Hay una carta que nunca salió de mis manos, una carta que se convirtió en testigo de lo que nunca fui capaz de decirte. No era vergüenza lo que me detenía, sino algo más delicado, una fragilidad que se alimentaba del silencio, que crecía en la sombra de mi partida.
Esa carta, un pedazo de papel que comencé hace año y medio, ha seguido viva, como una constante confesión, como un eco que no se apaga, a pesar del tiempo que ha pasado.
Creí que, al escribirla, el peso que llevaba en el corazón se aligeraría, que mis sentimientos podrían fluir y encontrar un lugar donde reposar.

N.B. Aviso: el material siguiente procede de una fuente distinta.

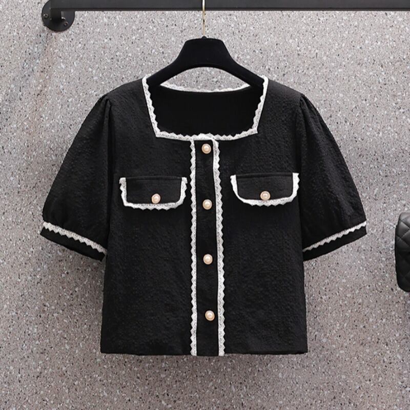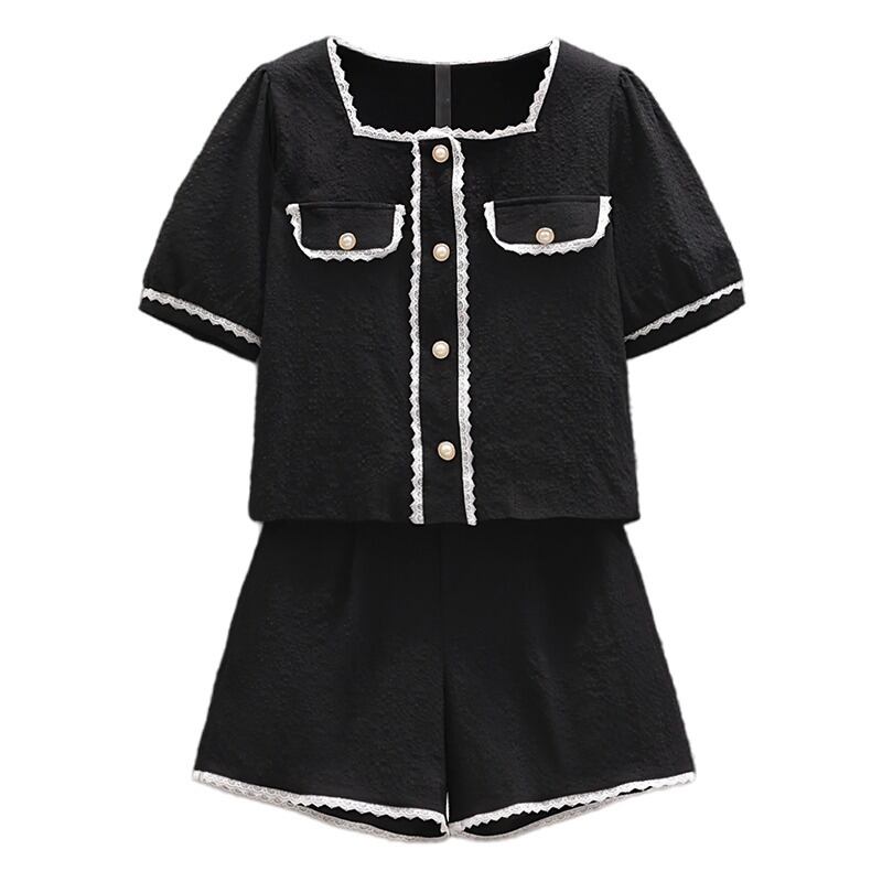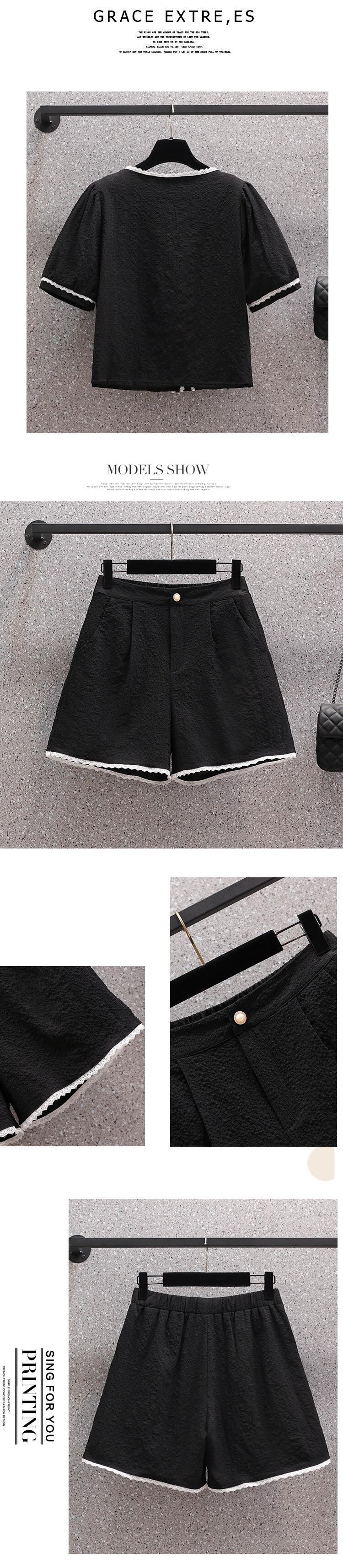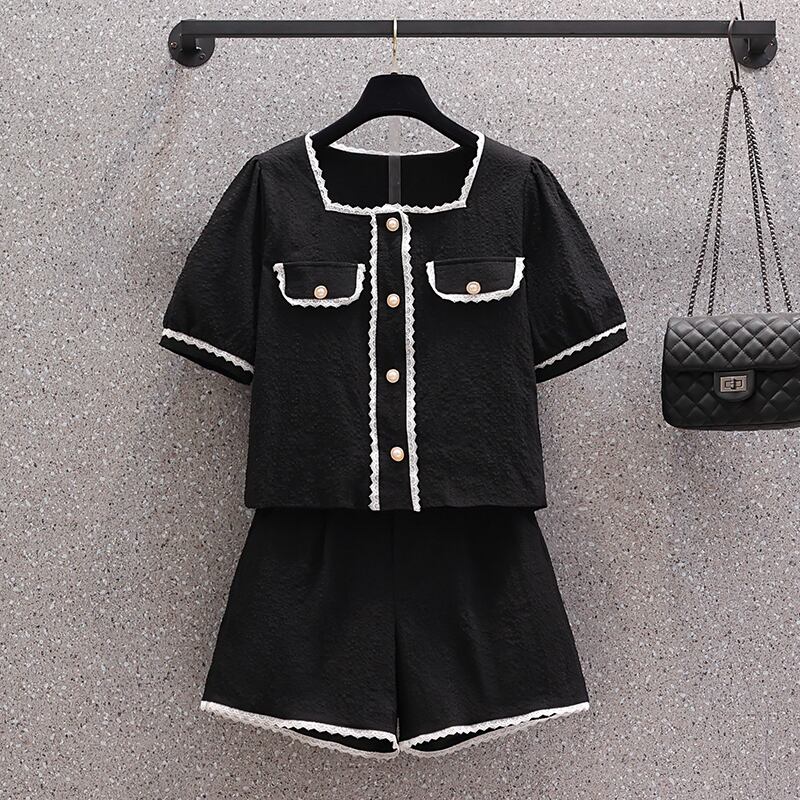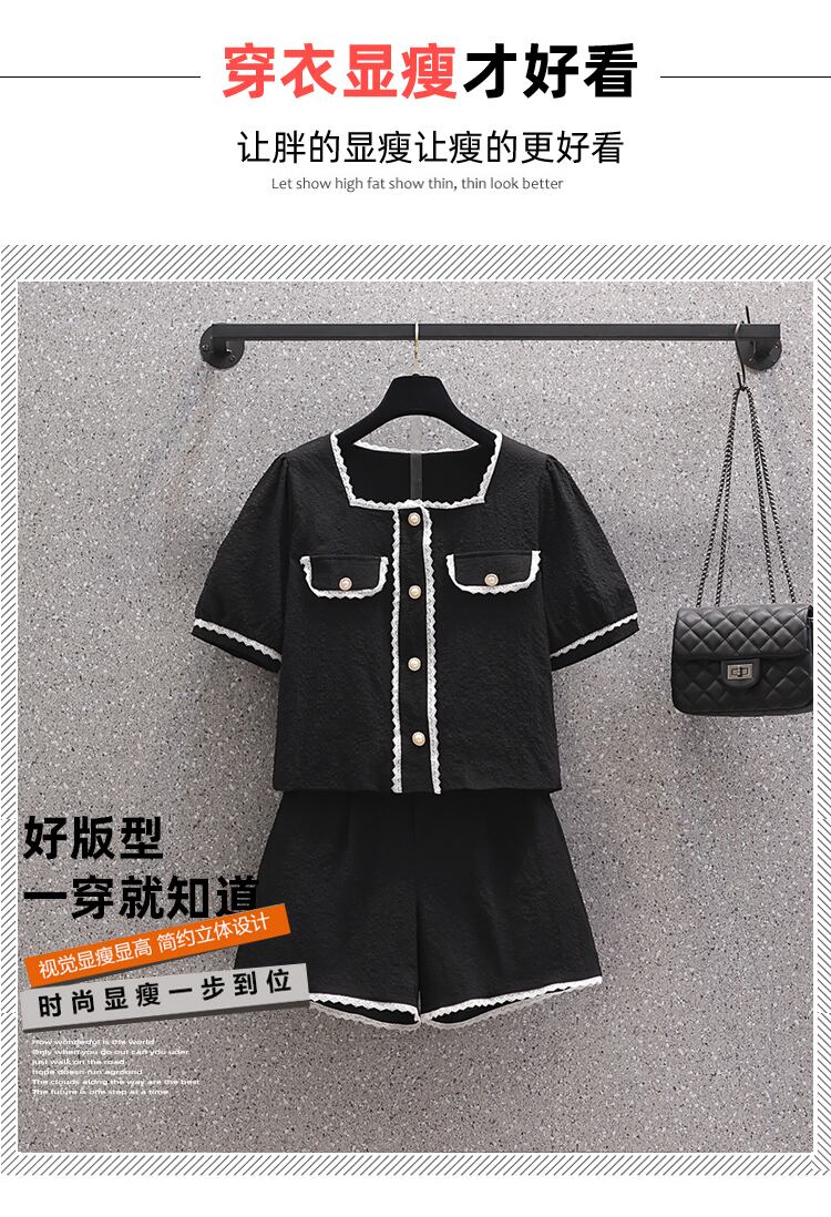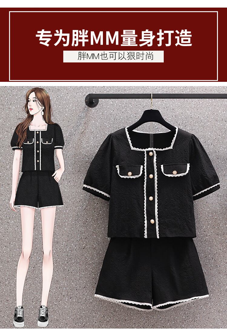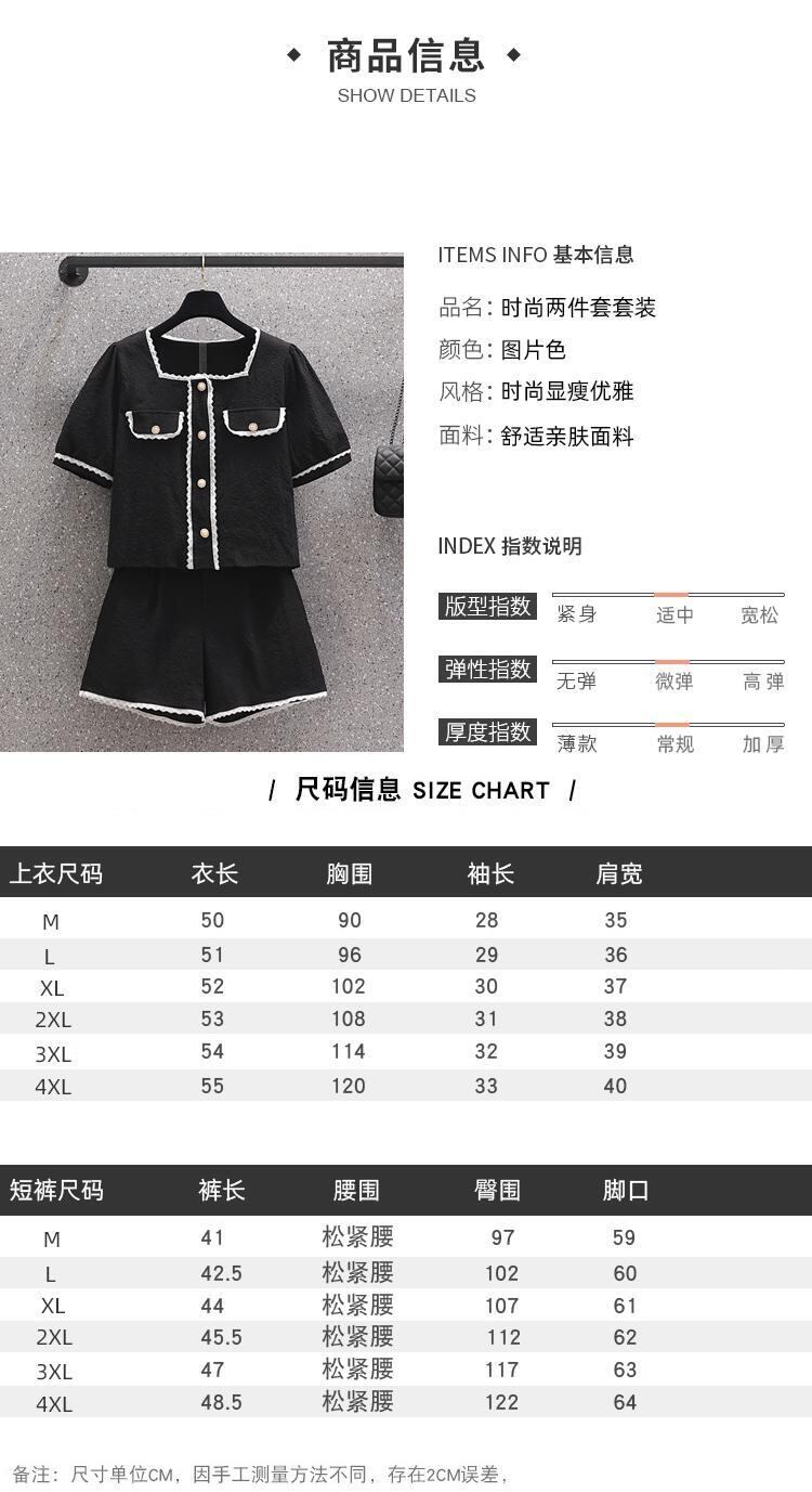プラスサイズの婦人服 2023 夏の新しいファットシスターファッションスクエアカラートップハイウエスト年齢を減らすカジュアルパンツ 2 点セット ハイウェスト 大きめサイズ サマー 夏物 スクウェア 8884155459272531

Llené cada línea con todo lo que tenía: palabras que parecían demasiado grandes para ser dichas, emociones que no encontraba cómo expresar, y, por supuesto, girasoles que hablaban en su propio lenguaje de todo lo que nunca pude articular.
En esa total transparencia, me desnudé ante el papel, con la esperanza de que, al revelarlo todo, algo dentro de mí encontraría descanso.
Sin embargo, la paradoja se presentó de una sutil manera. Cuanto más escribía, cuanto más profundizaba en lo que sentía por ti, menos alivio encontraba. Lejos de liberarme, lo que sentía por ti crecía, se volvía más nítido, más fuerte.
La carta que debía ser el vehículo de mi liberación se transformó en el recordatorio de lo que nunca podré olvidar.